ENH: Add support for page labels by MartinThoma · Pull Request #1519 · py-pdf/pypdf

MartinThoma · 2022-12-28T21:36:49Z

Introduce a new PdfReader property page_labels that returns a list of strings.

In most cases, the list will just be

['1', '2', '3', '4', '5']

or similar, but sometimes it will be:

['i', 'ii', 'iii', 'iv', '1', '2', '3', '4', '5']

Evidence for User Need

Stackoverflow: Retrieve Custom page labels from document with pyPDF

codecov · 2022-12-28T22:45:19Z

Codecov Report

Base: 92.03% // Head: 91.91% // Decreases project coverage by -0.11% ⚠️

Coverage data is based on head (23f4065) compared to base (cfed01f).
Patch coverage: 80.32% of modified lines in pull request are covered.

Additional details and impacted files

@@            Coverage Diff             @@
##             main    #1519      +/-   ##
==========================================
- Coverage   92.03%   91.91%   -0.12%     
==========================================
  Files          32       33       +1     
  Lines        5976     6037      +61     
  Branches     1163     1180      +17     
==========================================
+ Hits         5500     5549      +49     
- Misses        312      318       +6     
- Partials      164      170       +6

Impacted Files	Coverage Δ
pypdf/_protocols.py	`80.00% <ø> (ø)`
pypdf/_page_labels.py	`78.94% <78.94%> (ø)`
pypdf/_reader.py	`90.36% <100.00%> (+0.04%)`	⬆️

Help us with your feedback. Take ten seconds to tell us how you rate us. Have a feature suggestion? Share it here.

☔ View full report at Codecov.
📢 Do you have feedback about the report comment? Let us know in this issue.

MartinThoma · 2022-12-29T15:33:11Z

@MasterOdin @pubpub-zz What do you think about this one?

There are two TODOs because I haven't seen an example with Kids / Limits and I don't understand how it should work. But despite those, I think this PR already provides value. I would merge it, if you're ok with that.

MasterOdin

I think it's fine to merge stuff that's not fully done so long as it's not like the entire thing will have to be completely redone to support the additional cases. Maybe create an issue or so to track support for those / with an ask to the community to see if can get a PDF that has those features.

pypdf/_page_labels.py

Co-authored-by: Matthew Peveler <matt.peveler@gmail.com>

Performance Improvement (PI) - Help the specializing adpative interpreter (#1522) New Features (ENH): - Add support for page labels (#1519) Bug Fixes (BUG): - upgrade clone_document_root (#1520)

josephjury123 · 2023-02-13T04:40:38Z

@MasterOdin @pubpub-zz What do you think about this one?

There are two TODOs because I haven't seen an example with Kids / Limits and I don't understand how it should work.
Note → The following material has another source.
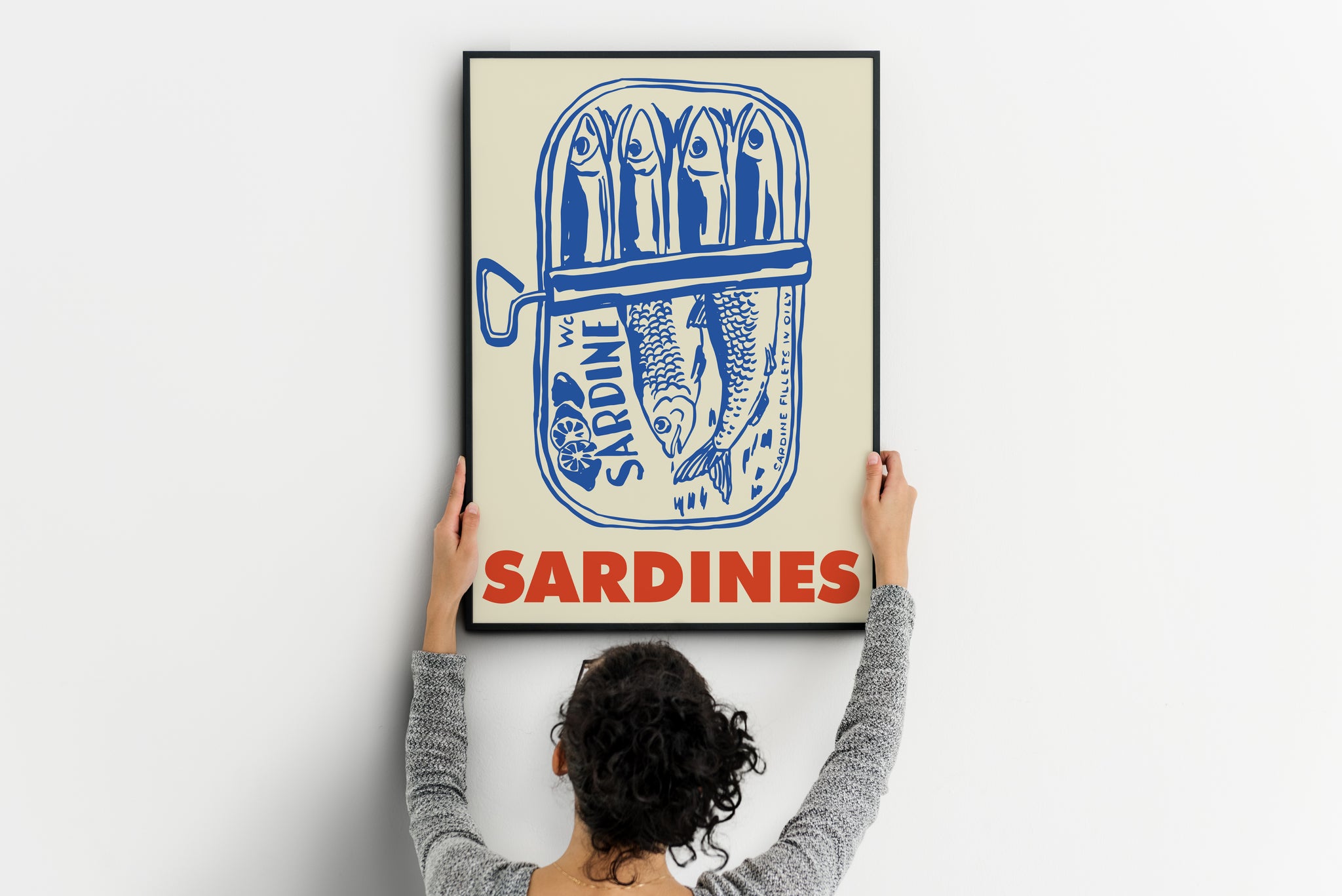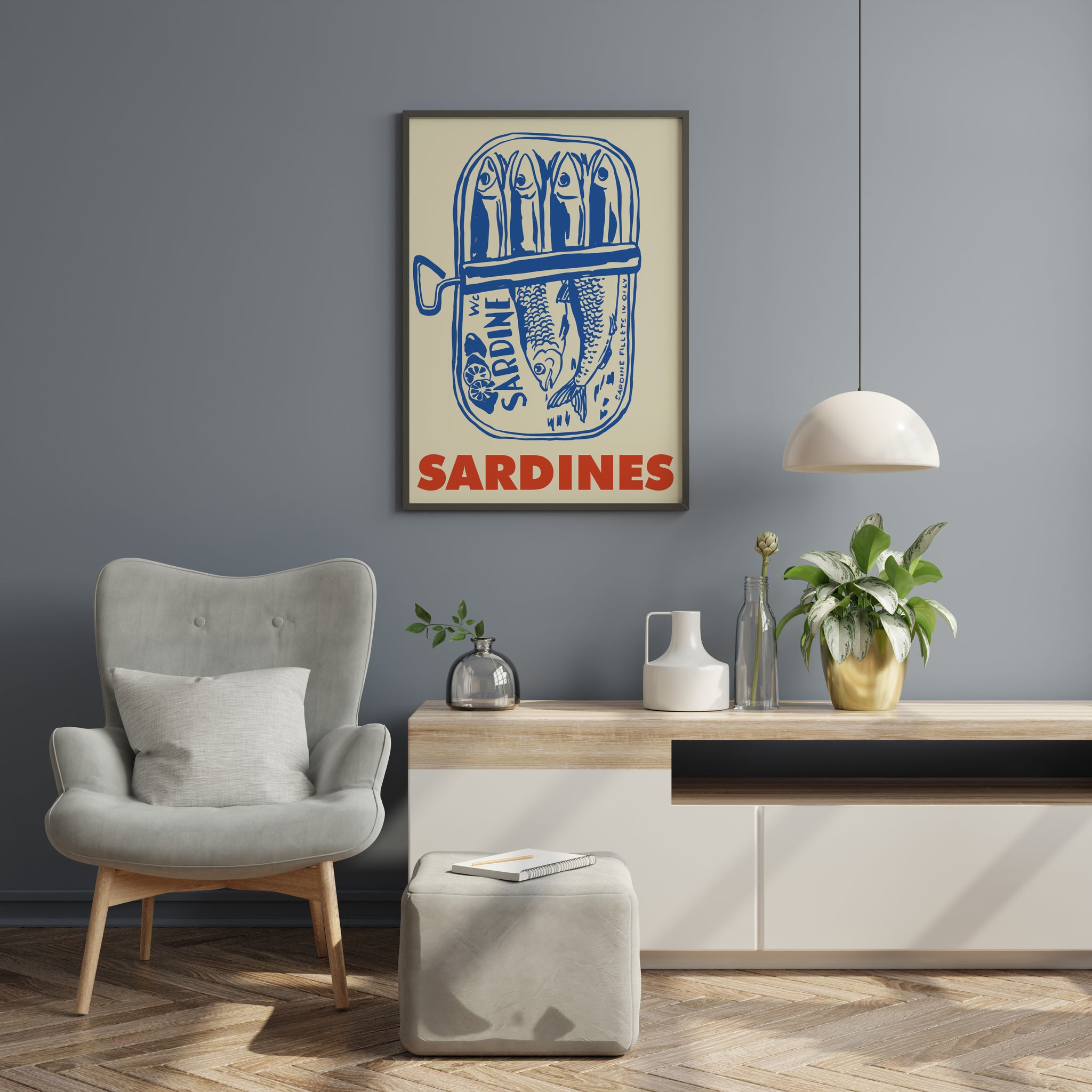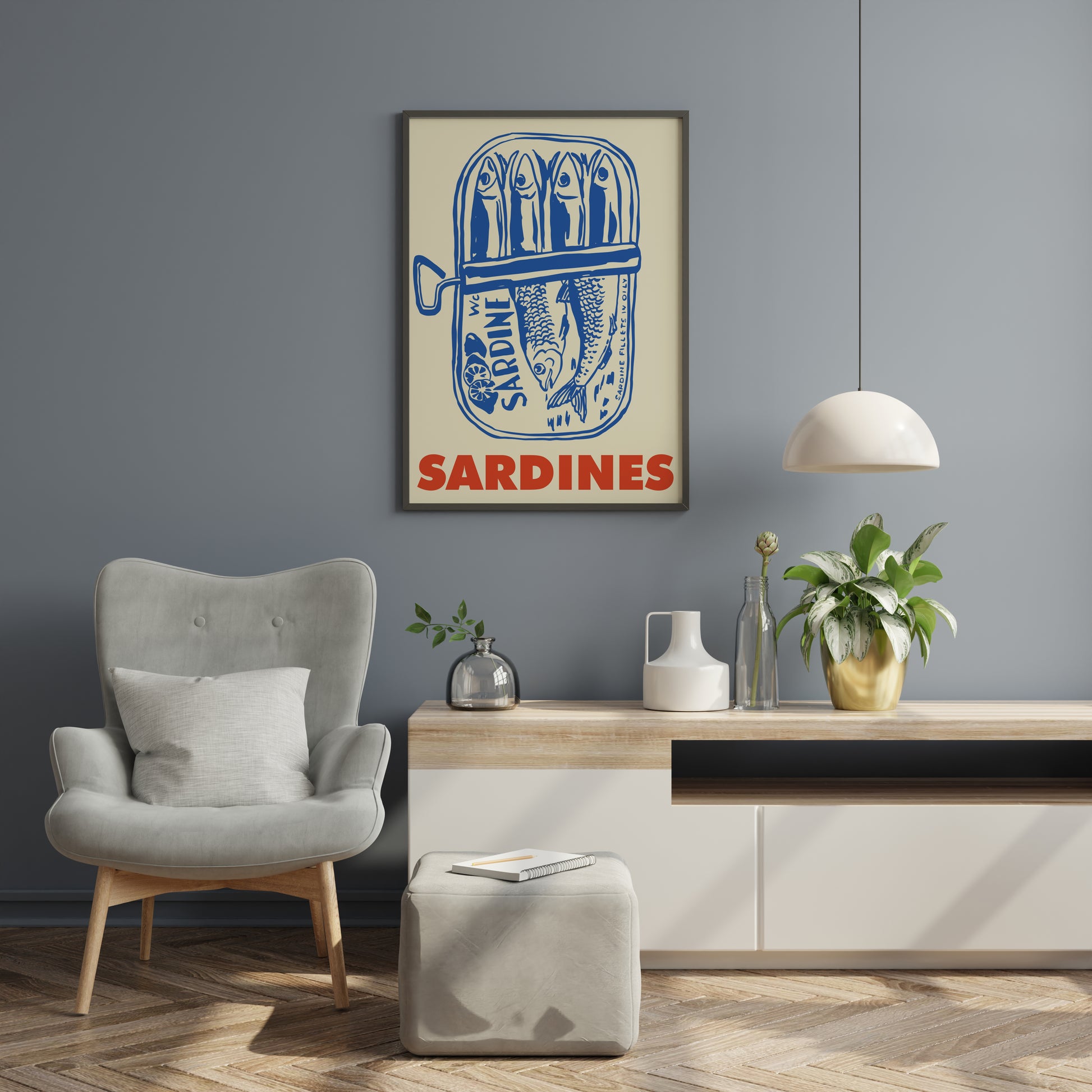 A bold retro sardines poster featuring a hand-drawn tin can illustration in deep blue with large red typography. The clean graphic style and coastal food theme bring character and warmth to kitchens, dining spaces, or modern gallery walls.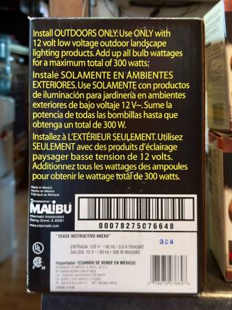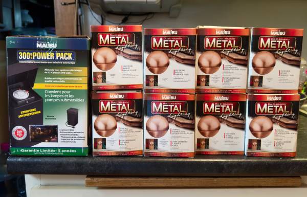 New!!! Malibu 300 Watt Power Pack for Low Voltage Outdoor Transformer. Includes eight metal outdoor round surface lights. Copper finish. (($350. Total value) $100. Cash / Venmo Pick up in South...

But despite those, I think this PR already provides value. I would merge it, if you're ok with that.

Not sure if this is the correct place to post this... But i have been using the pypdf code to extract bookmarks from multiple PDFs in a folder and found one PDF which wouldn't work and gave me a message to share the PDF here. message was "/Kids or /Limits found in PageLabels." PDF file is 87MB so too big to share here directly

MartinThoma · 2023-02-13T06:36:52Z

Thank you! If there is nothing confidential / copyright protected in there, could you maybe share it in another way?

Maybe compression (zip / bzip2) helps?

You could also send it to me via email: info@martin-thoma.de (I hope my mail server doesn't reject it)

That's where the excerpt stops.